The Covid-19 pandemic caused widespread disruption across many sectors of the economy, with the restaurant and wider hospitality sector being one of the hardest hit.
In a recent interview with Ed Balls, Gordon Ramsay argued that while the past two years have been ‘devastating’ for the restaurant industry, the upside is that ‘the crap’s gone’. It is a harsh view, given that multiple restaurant chains have closed branches for good, including Ask, Bella Italia, Byron Burger and Café Rouge.
Business interruption (BI) insurance was invariably seen as an essential lifeline for those that survived. But in seeking to rely on their BI policies in order to recoup their losses, many hospitality companies have faced fierce resistance from insurers which have refused to pay out.
Action is now being taken in the courts by affected businesses to address the problem. Most notable among them is the recent BI claim by Corbin & King whose restaurants, cafes and brasseries include The Delaunay, The Bellanger, The Colbert and The Wolseley (pictured).
In February, the restaurateurs won a High Court case against the UK arm of French insurer AXA. Mrs Justice Cockerill found that it should pay out under a BI policy for their losses during the two pandemic lockdowns of 2020. Following a loss adjustment exercise, this decision is expected to cost AXA up to £4.4m .
Grounds for bringing it had been paved by a Supreme Court judgment in a BI test case brought by the Financial Conduct Authority (FCA) in January 2021 on behalf of several thousand policyholders. In deciding to bring a test case against several leading insurance companies, the FCA recognised that the complex issues surrounding BI policies had the potential to create significant uncertainty for policyholders.
The Supreme Court’s landmark ruling substantially allowed the FCA’s appeal and, although this resolved much uncertainty for both policyholders and insurers, it came with limitations. Since the test case could not accommodate every eventuality, it would not set a precedent for resolving all disputes or for determining the outcome of each individual claim.

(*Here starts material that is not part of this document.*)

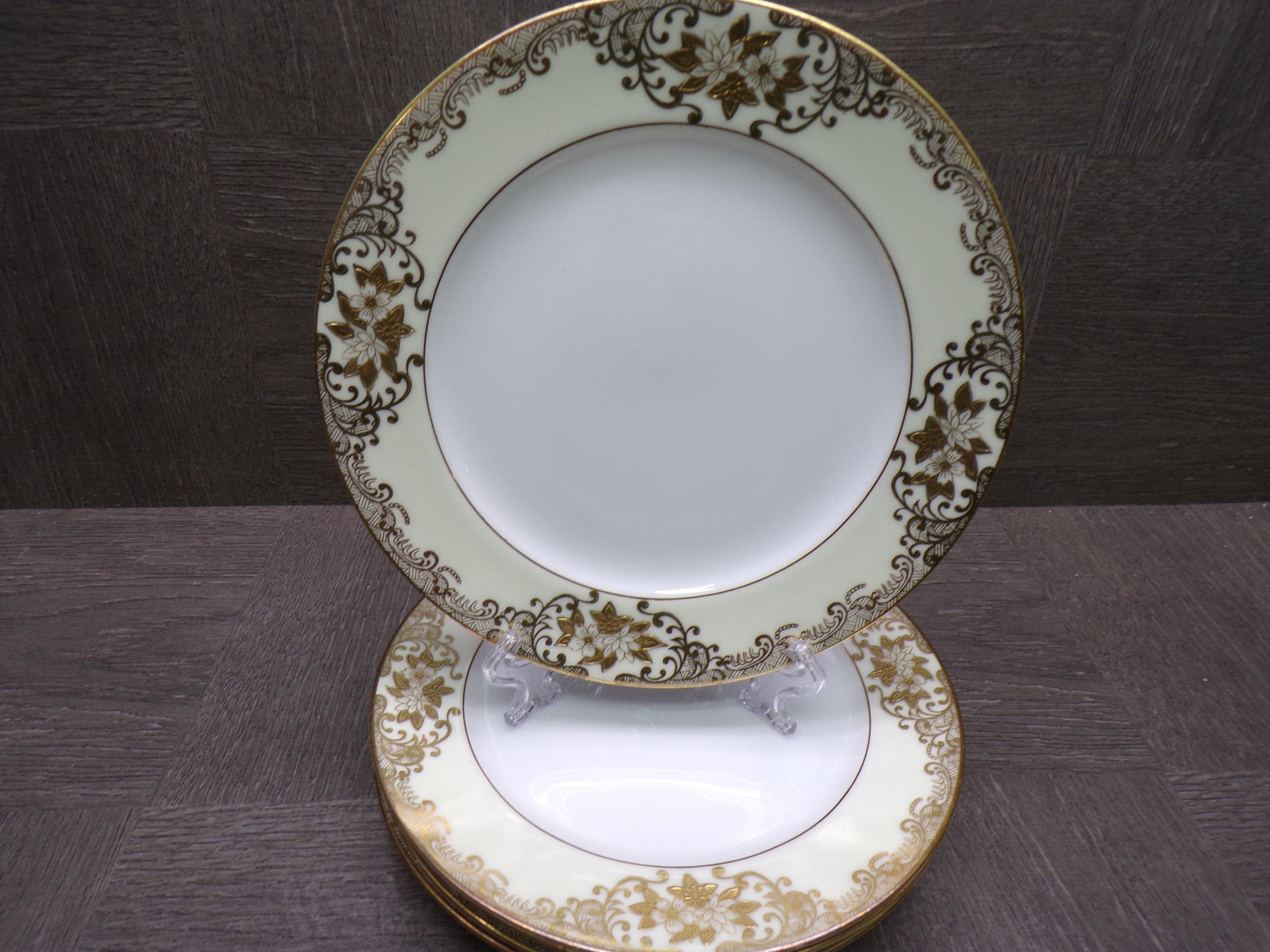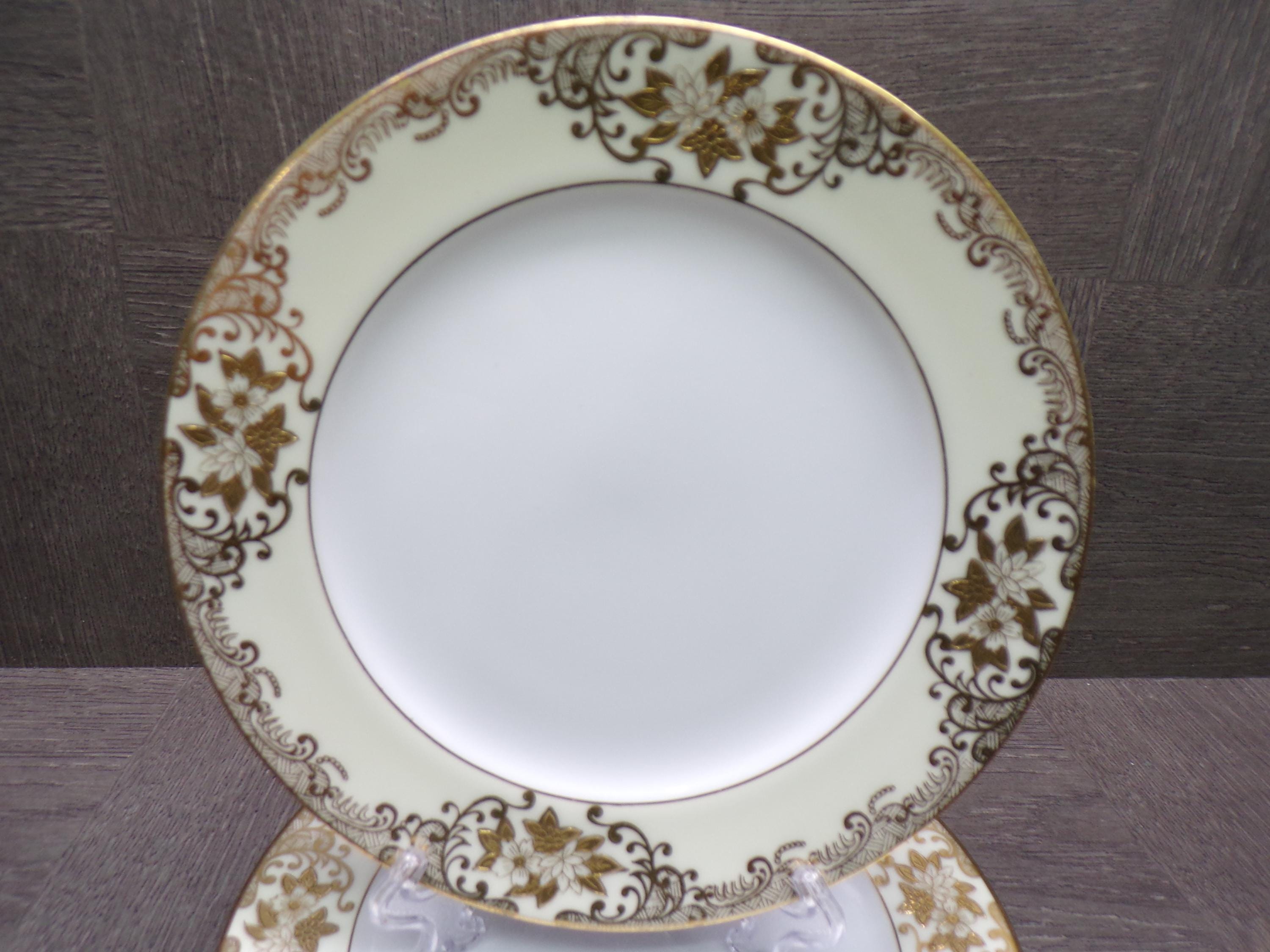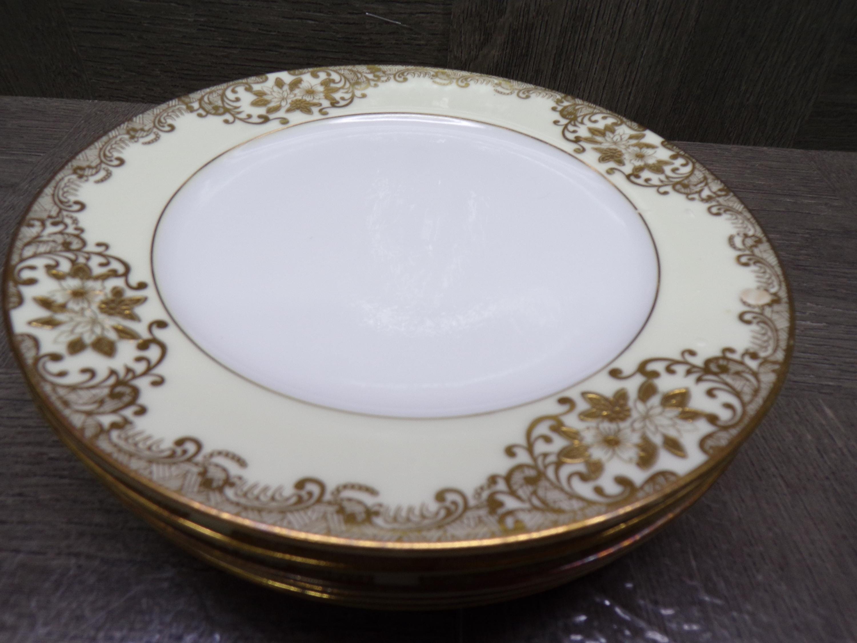 2603 Meito Vintage 1936 Hand-painted China 6.5" Bread / Dessert Plates Set of 5 White Center 22 kt Gold Flowers & Scrolls w/ Cream Rim Made in Japan - Great Condition Little Wear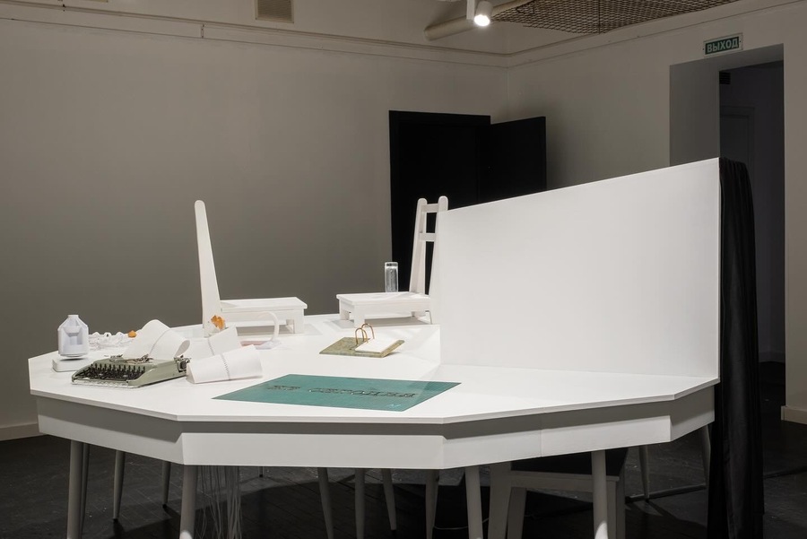 Антон Мороков известен, в первую очередь, как художник-график. В своей новой инсталляции он обращается к темам одиночества, монотонности и абсурда современной жизни. Работа представляет собой стол, в границах которого можно существовать — работать, отдыхать, обедать, играть и спать, — не соприкасаясь с внешним миром. Каждый проведенный здесь день похож на предыдущий и погружает человека в ситуацию бесконечной рутины.

Further litigation soon arrived when the High Court was asked to consider various issues in Corbin’s case against AXA. One of the most notable was the scope of cover provided by the AXA policy’s Denial of Access (Non-Damage) clause, which compensates businesses should their venues be closed by a statutory body because of a local danger or hazard. While clauses vary from policy to policy, they generally relate to ‘incidents in the vicinity of’ the affected premises. It was held by the Supreme Court that such clauses are designed to cover narrow, localised incidents such as brawls, bomb scares, gas leaks and traffic accidents as opposed to general restrictions placed on businesses across the country. In this case the court had to determine whether the policy’s wording provided effective cover for loss resulting from restrictions on access.
Under the terms of AXA’s policy, the relevant clause stated: ‘We will cover you for any loss insured by this section resulting from interruption or interference with the business where access to your premises is restricted or hindered for more than the franchise period shown in your schedule arising directly from: The actions taken by the police or any other statutory body in response to a danger or disturbance at your premises or within a one mile radius of your premises.’

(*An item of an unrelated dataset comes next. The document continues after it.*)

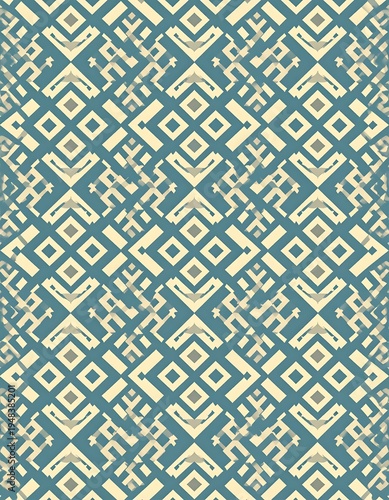 Repeating geometric pattern with diamond shapes in blue, beige and grey on beige background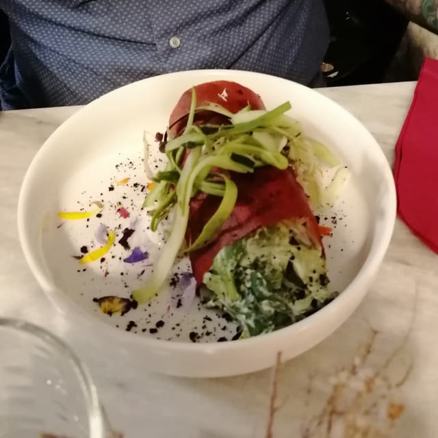 Una delizioso ristorante vegano in centro a Bologna. Abbiamo preso 4 portate più i due dessert straordinariamente buoni.Consigliatissimo e apprezzatissimo.

Having examined the scope of Corbin’s insurance cover, the High Court held that it was not a requirement in the policy that the ‘danger’ should exclusively be present within a one mile radius.
The High Court also rejected AXA’s argument on coverage, namely that the claims were limited to £250,000 for all premises and held that the policy provided cover for £250,000 per Covid claim and per premise.
Mrs Justice Cockerill’s judgment dealt with the ambiguity of key words in the denial of access clause. But the wording of her decision in relation to the effect of the £250,000 figure was distinctly unambiguous: ‘Overall the picture which emerges from a consideration of the wording and a consideration of the nature of the policy persuades me without difficulty that the correct answer is that this is a composite policy in respect of which each insured is entitled to claim £250,000 in respect of each claim.’
Notably, she added that the Supreme Court’s approach to causation should be adopted: ‘I conclude that Covid-19 is capable of being a danger within one mile of the insured premises, which, coupled with other uninsured but not excluded dangers outside, led to the regulations which caused the closure of the businesses and caused the business interruption loss.’
In similar cases, companies with comparable policies can reasonably expect that they will be paid out per Covid claim and per premise by their insurers. But just as every case is different, so the Denial of Access clause in each policy can also vary.
Unfortunately for many, the decision may have come too late, while others may simply not be in a position to front up the costs of litigation at a time when they are putting all of their resources into building up their businesses
Insurers will need to have a radical rethink about the wording of their policies in light of the potential claims facing them; the more likely response from others may be that they wait and see what happens next.